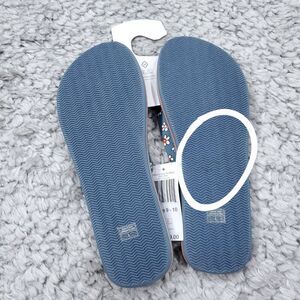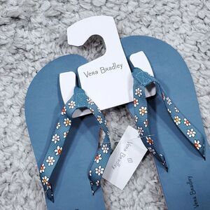 Women's Vera Bradley Webbing Strap Flip Flops in blue "Prairie Paisley Daisy" floral print. New with tags, has a small mark on the bottom of one of the shoes as shown in photo. Women's size large 9-10.
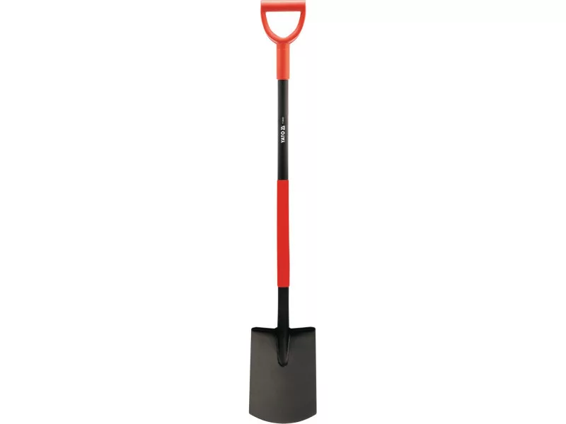 YATO straight spade with ergonomic profiled metal handle, finished with "DY-plastic" grip. The rubberized grip surface makes the spade fit well in the hands. It provides comfortable and convenient work.
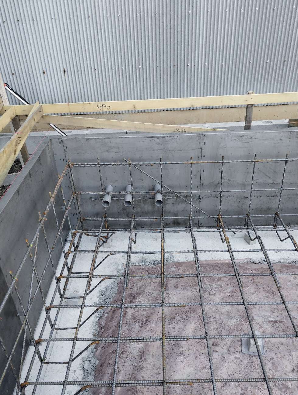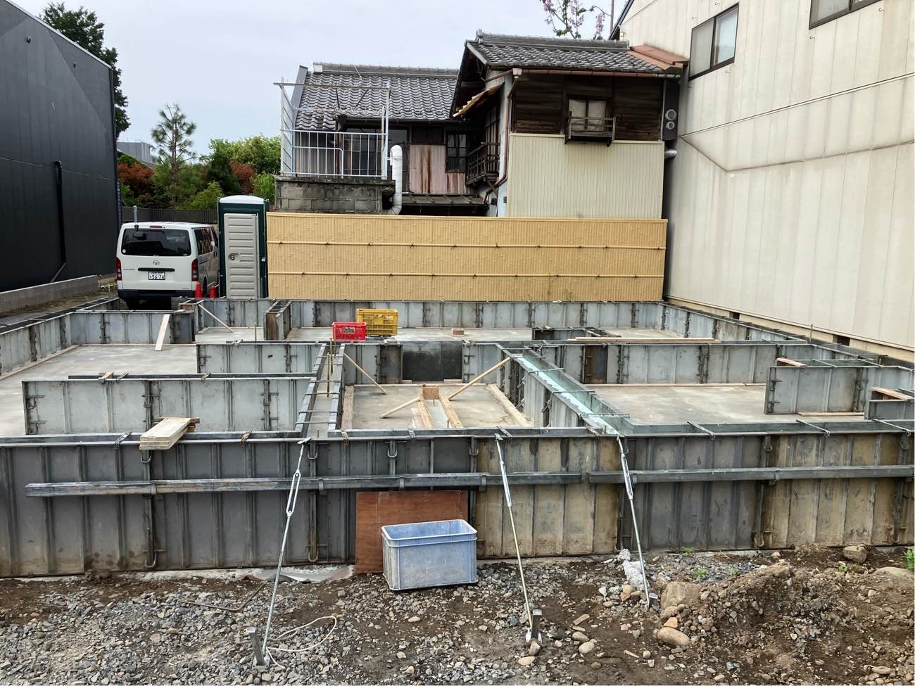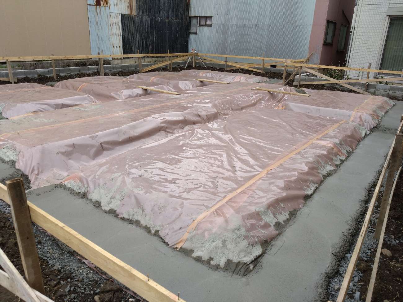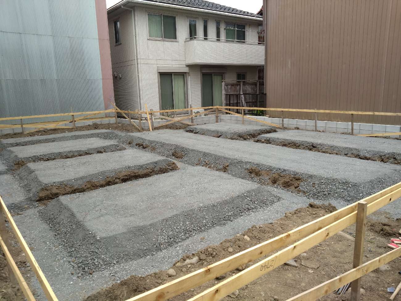 底盤のコンクリートを打設、立ち上がり部分の型枠を組み打設まで終えています。明日は、現地でo様手配の外構屋さんと打合せです。囲われた広い敷地の為、雨水排水の計画を水道屋さんも含めて現地で行う予定です。
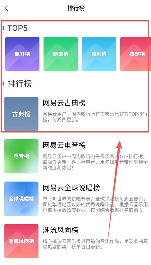 3、排行榜专区设有飙升榜、新歌榜等五大权威榜单,同时涵盖古典榜、电音榜等垂直分类,每个榜单均明确标注了更新频率。
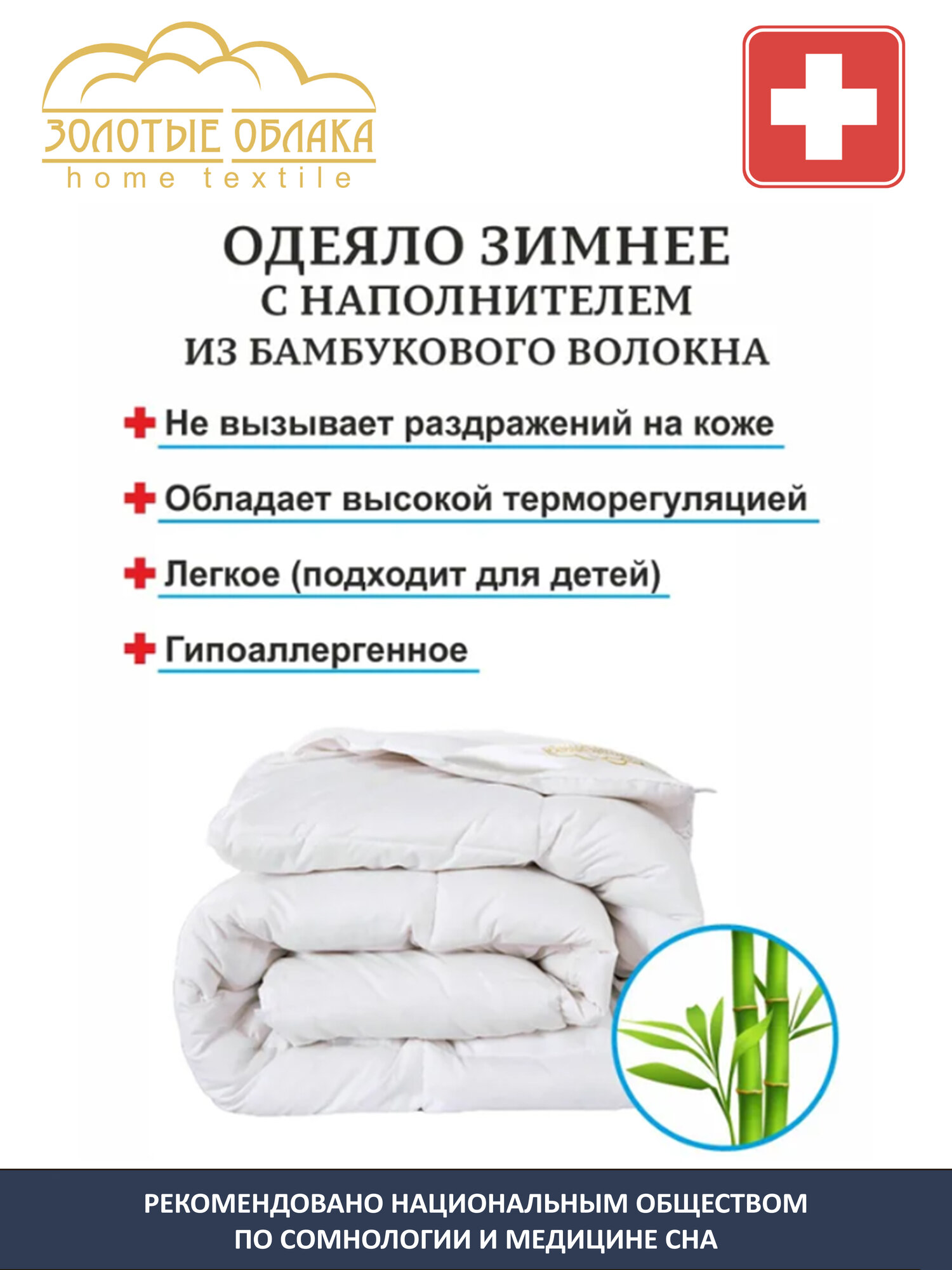 СохранитьОдеяло 2 спальное Золотые облака "Бамбук" 172х205 см / Демисезонное, теплое одеяло с гипоаллергенным наполнителем из бамбукового волокна интересное:
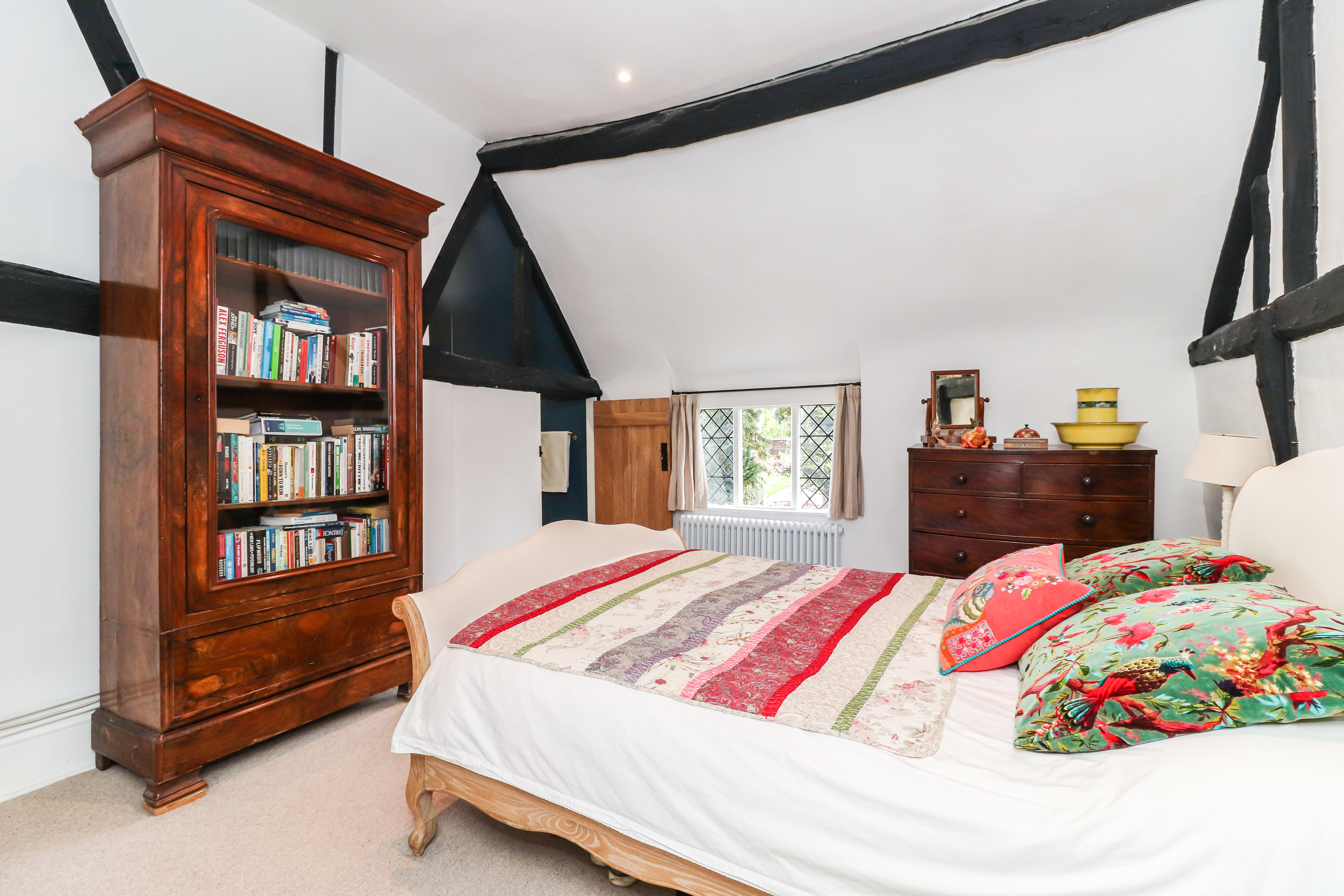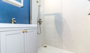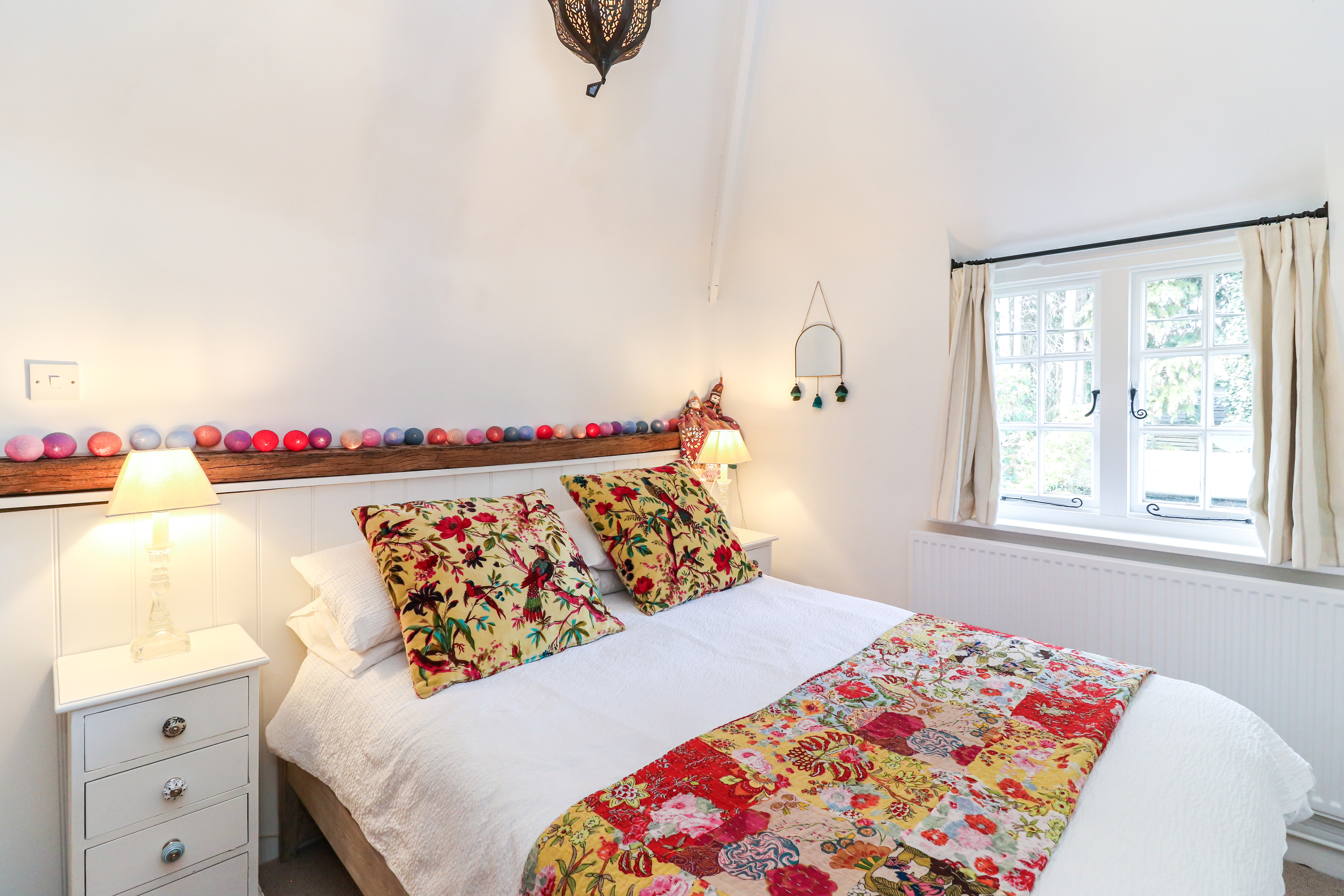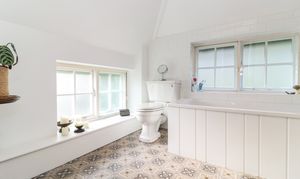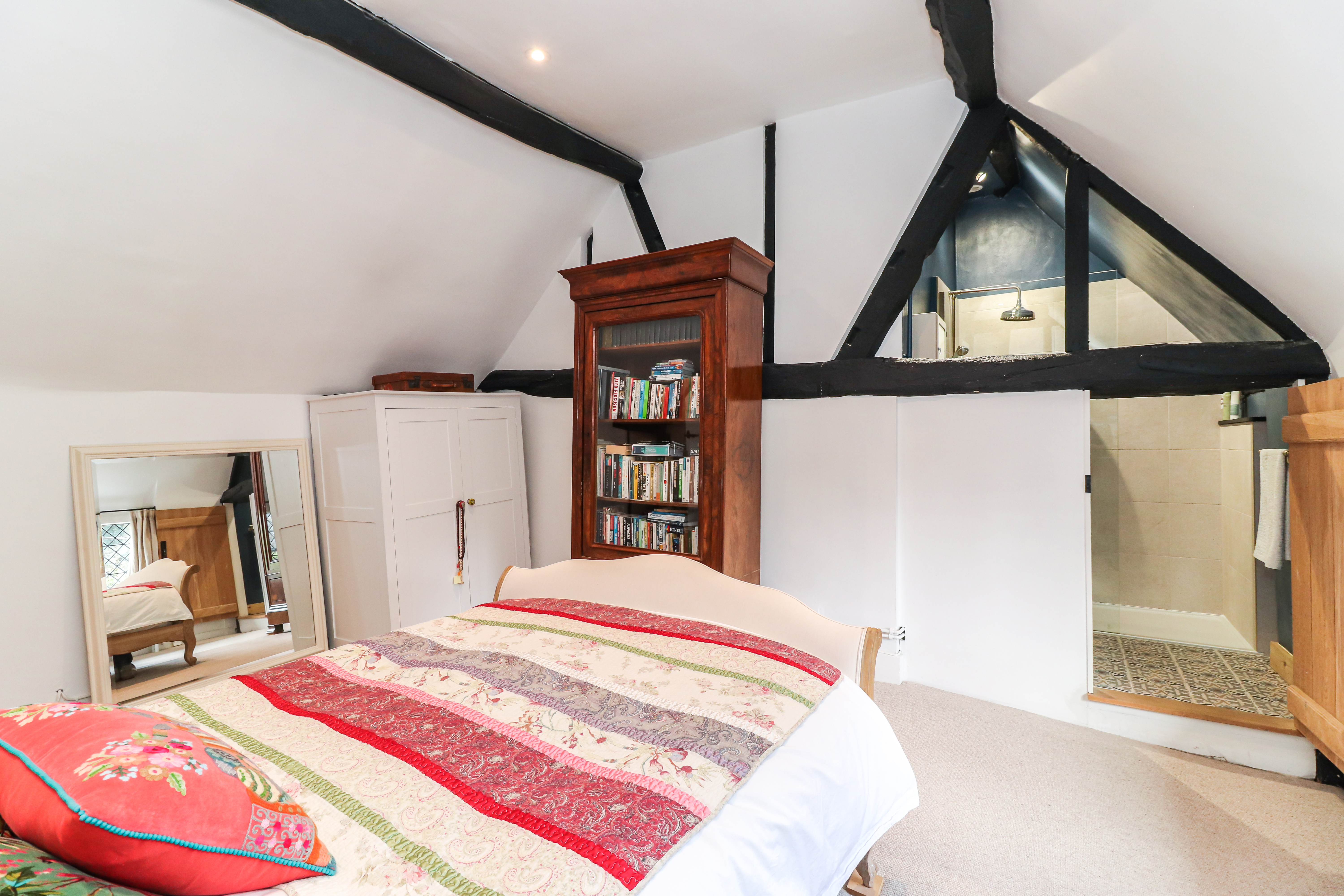 The first floor exudes character and charm, particularly in the Master bedroom, where the vaulted ceiling gives a lovely sense of space. The en-suite shower room has been cleverly designed around the original framework of the house, preserving the history in a playful way. The other 2 bedrooms are comfortable rooms, one of which benefits from fitted wardrobes. Additionally, there is a spacious family bathroom and separate toilet, both accessed from the landing.

########################################

What this task involves: Give again, exactly as written above, every line from the one holding "底盤のコンクリートを打設、立" to the one holding "СохранитьОдеяло 2 спальное", with both ends kept and the pictures left out.

The answer:
 底盤のコンクリートを打設、立ち上がり部分の型枠を組み打設まで終えています。明日は、現地でo様手配の外構屋さんと打合せです。囲われた広い敷地の為、雨水排水の計画を水道屋さんも含めて現地で行う予定です。
 3、排行榜专区设有飙升榜、新歌榜等五大权威榜单,同时涵盖古典榜、电音榜等垂直分类,每个榜单均明确标注了更新频率。
 СохранитьОдеяло 2 спальное Золотые облака "Бамбук" 172х205 см / Демисезонное, теплое одеяло с гипоаллергенным наполнителем из бамбукового волокна интересное:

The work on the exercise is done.